The model wording on market search, for instance, requires the intermediary to specify whether he will be carrying out a fair analysis of the available market, a search that involves a more limited number of insurers, or offering products from only one provider. He must also disclose when another intermediary has been involved in placing the business.

As for remuneration, intermediaries are only required to disclose how much commission they earn if a commercial customer asks for the information. The suggested template for this disclosure identifies how the firm will be paid – by an agreed fee or by commission – how much that commission will be and any additional commission the firm will earn for arranging premium finance and/or as a result of an arrangement with the insurer, such as a profit share or volume commission.

Where the firm cannot put a figure on this additional, contingent commission, the model wording suggests stating the maximum extra commission the firm could earn in respect of that policy.

"Firms are strongly recommended to use these model wordings unless they would not accurately represent the facts" the guidance advises.

"Model wordings reduce the risk that firms will inadvertently breach the FSA's requirements. They also make it easier for commercial customers to understand the role and approach of one firm compared to another".

Procedures

Although intermediaries are only required to disclose their commission on request, the guidance advises firms to have written procedures in place to enable all relevant members of staff to respond to such requests promptly and accurately.

Commercial customers should regularly be reminded about their right to request this information and firms should be able to explain the functions they carry out for insurers or other parties.

There is also advice on dealing with potential conflicts of interest between the firm, the insurer and the customer.

"Intermediaries should be able to demonstrate that they have examined their corporate governance, internal procedures and individual senior management systems and controls to ensure that conflicts of interest are identified and appropriately managed," the paper states. "It is not sufficient to have informal management processes and controls to deal with potential conflicts of interest".

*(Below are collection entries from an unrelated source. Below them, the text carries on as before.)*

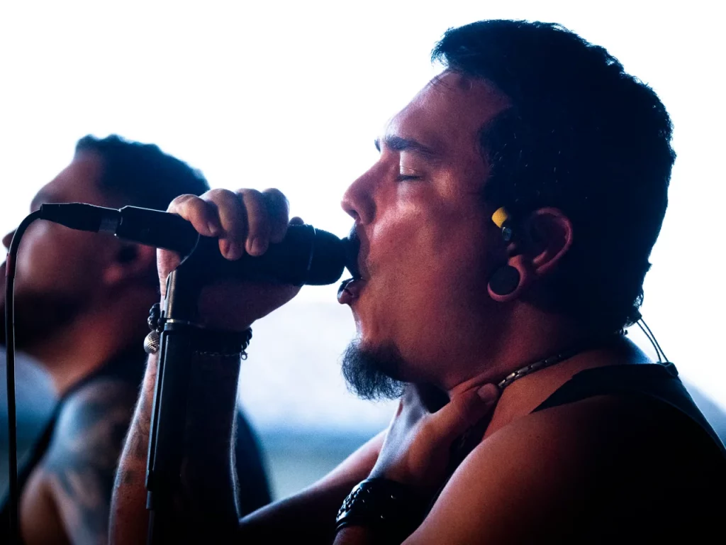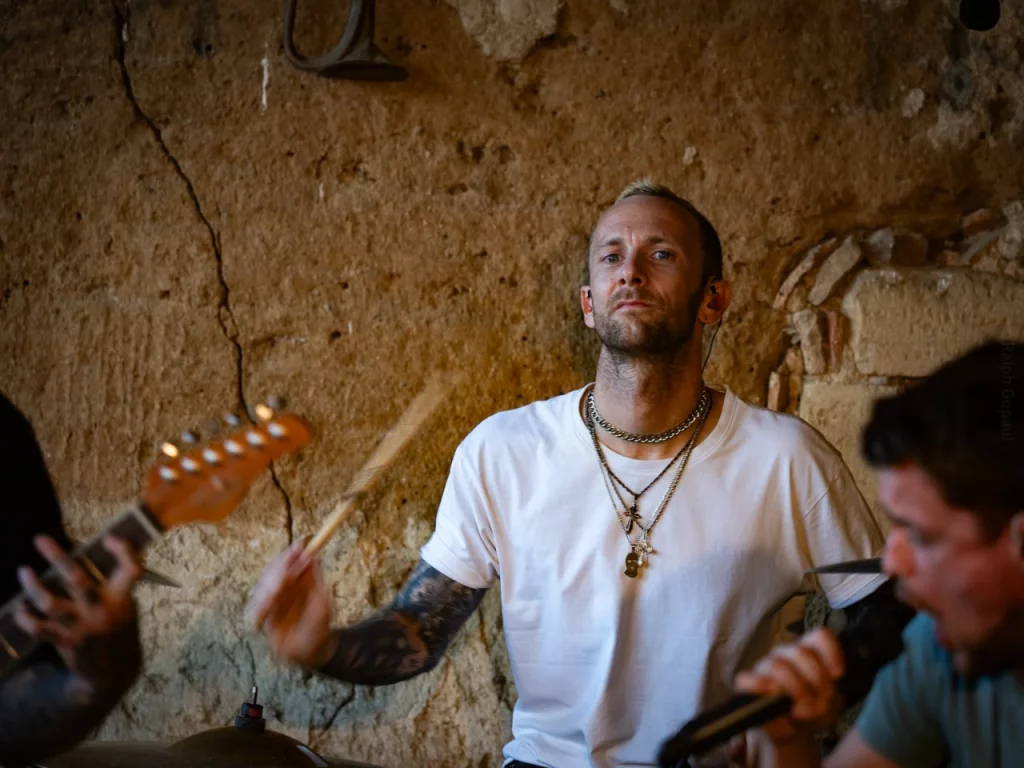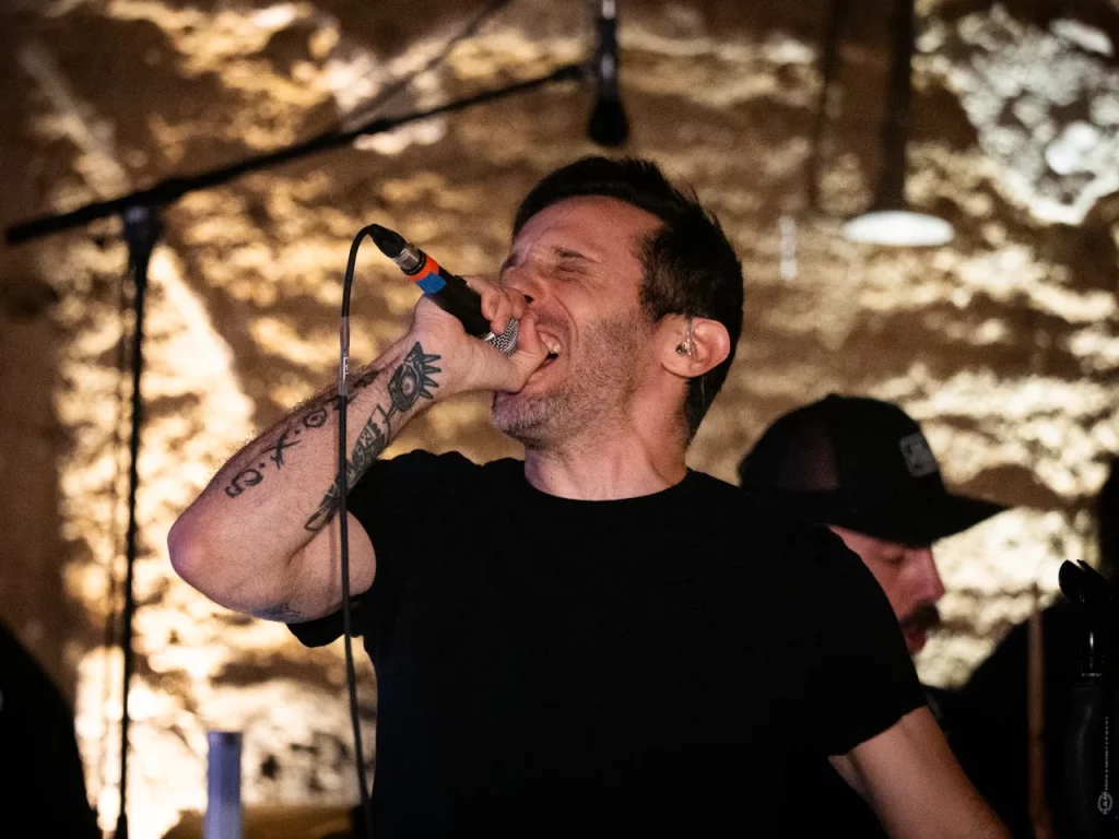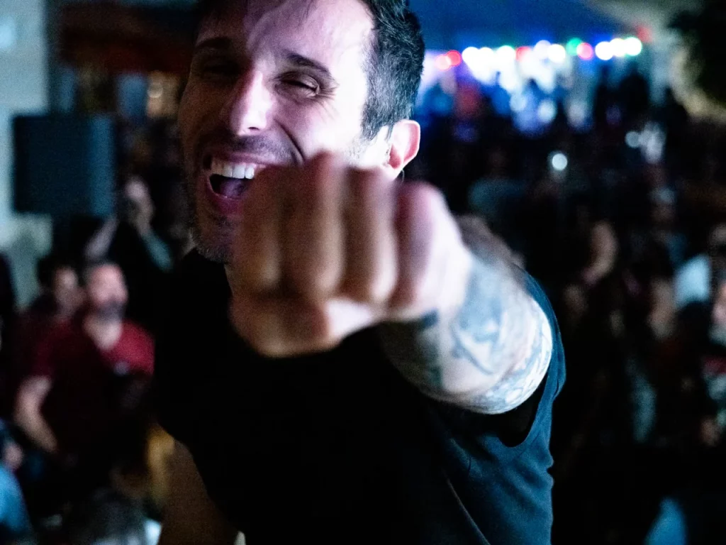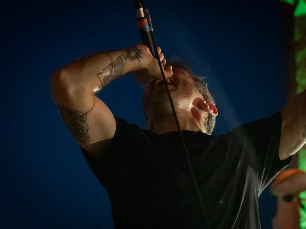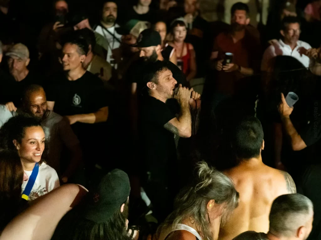 Il est 22 h 08 lorsque TARLD attaque ! Elio lance : « Welcome to the party ! » Puis durant le premier titre, il descend de la scène sur le bar situé juste en dessous puis saute dans le pit avant de remonter ! Sur la suivante Elio redescend et va jusqu’au ring de catch situé au milieu de la cour ! Il compte bien mettre le feu dans le public même ceux éloignés de la fosse ! Je me suis ensuite laissé porté par la folie du set, du groupe et de la fosse quand, à 22 h 48, c’est déjà l’heure de la dernière chanson. « Vous êtes beaux et vous êtes fous ! » puis ils descendent cette fois tous (sauf le batteur, forcément) et organisent un circle pit avec Elio au centre !! Malgré un petit souci technique sur ce titre final (c’est ça quand on tire un peu trop sur les câbles XLR pour faire les fous), ils reprennent le titre et s’organise alors un wall of death spontané sur No place like home. « Merci les amis et à bientôt ! ». Pour conclure, Elio finit en slam porté par la foule. Quelle fin magistrale !! Elio aura passé beaucoup de temps au cœur de la fosse pour le plus grand bonheur du public présent (et le mien, il faut l’avouer).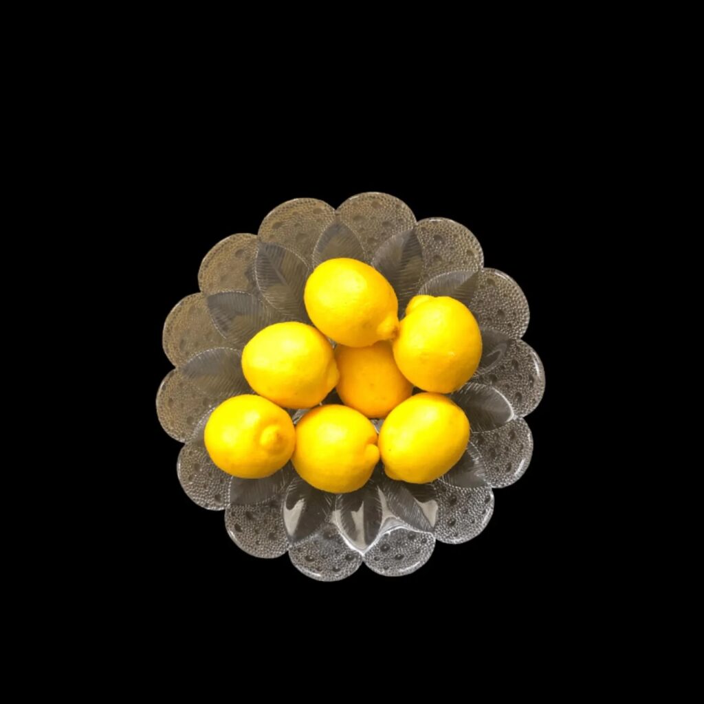European glass knows how to bring the drama. This Medea crystal centerpiece bowl was designed by R. Koschnick and made by Lausitzer Glaswerke in the GDR, sometime in the 1980s before the Berlin Wall came down. Weighing in at 4 lbs., it’s a substantial piece. Patterned with leaves and petals, it’s spot on for spring or for any time you wish it was spring.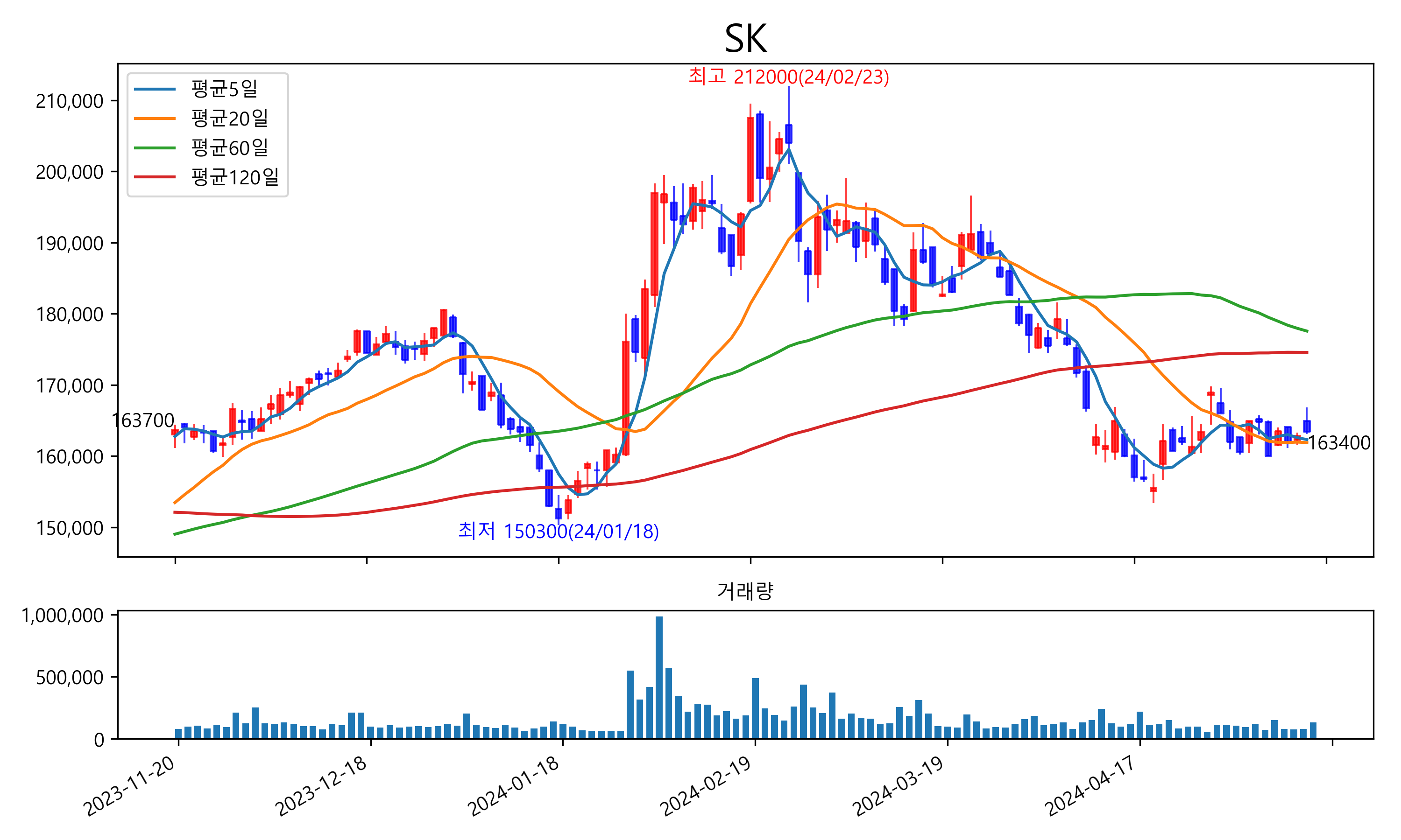 최근 6개월간 캔들차트 및 이동평균선입니다.

Firms need to be able to "demonstrate that the management of conflicts is a live and ongoing activity within the business and one that is championed by senior management and at board level". The guidance suggests making conflict management a standing agenda item at board meetings.

Clarification

Launching the paper on 1st April, Eric Galbraith, BIBA Chief Executive said he was delighted that the FSA had given the guidance formal approval.

"I hope now that intermediaries will take the industry guidance and make the appropriate adjustments to their processes and practices," he said. "Commercial customers should expect to receive disclosures that are clear and accurate and this industry guidance should play an important part in helping achieve this.”

The Association of Insurance and Risk Managers (AIRMIC), which represents the insurance buyers for about 75% of the FTSE 100, said the guidance provided "useful clarification" but noted that it stopped short of compulsory commission disclosure.

"Nevertheless, such disclosure will be mandatory whenever clients request it, and AIRMIC will be producing guidance for its members on how to request full disclosure and the detailed information that they should be seeking," it said in a statement.

"Perhaps a more critical issue relates to the capacity in which the intermediary is acting," said AIRMIC. "We believe that it is not possible for an intermediary to act as both an agent of the insurer and of the insured at different times during a transaction without risking significant potential conflicts of interest.

"Again, we shall be providing guidance for members to ensure that they can make appropriate decisions relating to their choice of intermediary from a fully informed position," it said.